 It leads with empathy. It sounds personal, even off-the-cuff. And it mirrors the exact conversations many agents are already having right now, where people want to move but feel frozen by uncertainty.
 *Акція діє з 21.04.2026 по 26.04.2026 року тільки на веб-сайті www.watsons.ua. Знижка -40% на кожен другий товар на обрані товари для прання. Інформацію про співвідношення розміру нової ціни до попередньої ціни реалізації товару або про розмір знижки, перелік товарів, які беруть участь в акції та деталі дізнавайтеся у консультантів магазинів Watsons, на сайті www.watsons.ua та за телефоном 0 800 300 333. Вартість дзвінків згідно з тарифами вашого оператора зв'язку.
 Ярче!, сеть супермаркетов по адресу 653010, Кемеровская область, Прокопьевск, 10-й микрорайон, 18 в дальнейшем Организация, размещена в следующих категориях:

--------------------------------

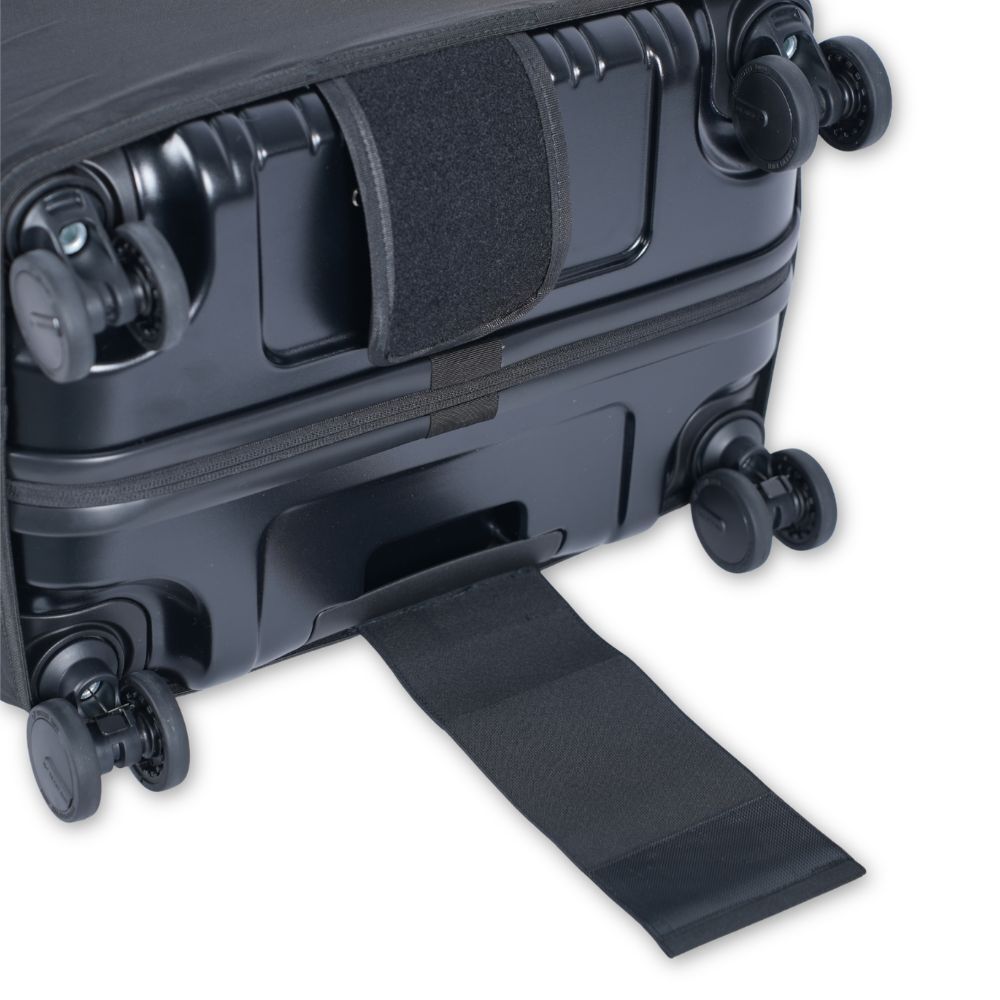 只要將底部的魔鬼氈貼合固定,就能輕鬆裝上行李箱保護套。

--------------------------------

Reproduce word for word the material above, starting with the line that has "вашого оператора зв'язку." and stopping after the line that has "Ярче!, сеть супермаркетов".

» **Response to this task**
 *Акція діє з 21.04.2026 по 26.04.2026 року тільки на веб-сайті www.watsons.ua. Знижка -40% на кожен другий товар на обрані товари для прання. Інформацію про співвідношення розміру нової ціни до попередньої ціни реалізації товару або про розмір знижки, перелік товарів, які беруть участь в акції та деталі дізнавайтеся у консультантів магазинів Watsons, на сайті www.watsons.ua та за телефоном 0 800 300 333. Вартість дзвінків згідно з тарифами вашого оператора зв'язку.
 Ярче!, сеть супермаркетов по адресу 653010, Кемеровская область, Прокопьевск, 10-й микрорайон, 18 в дальнейшем Организация, размещена в следующих категориях:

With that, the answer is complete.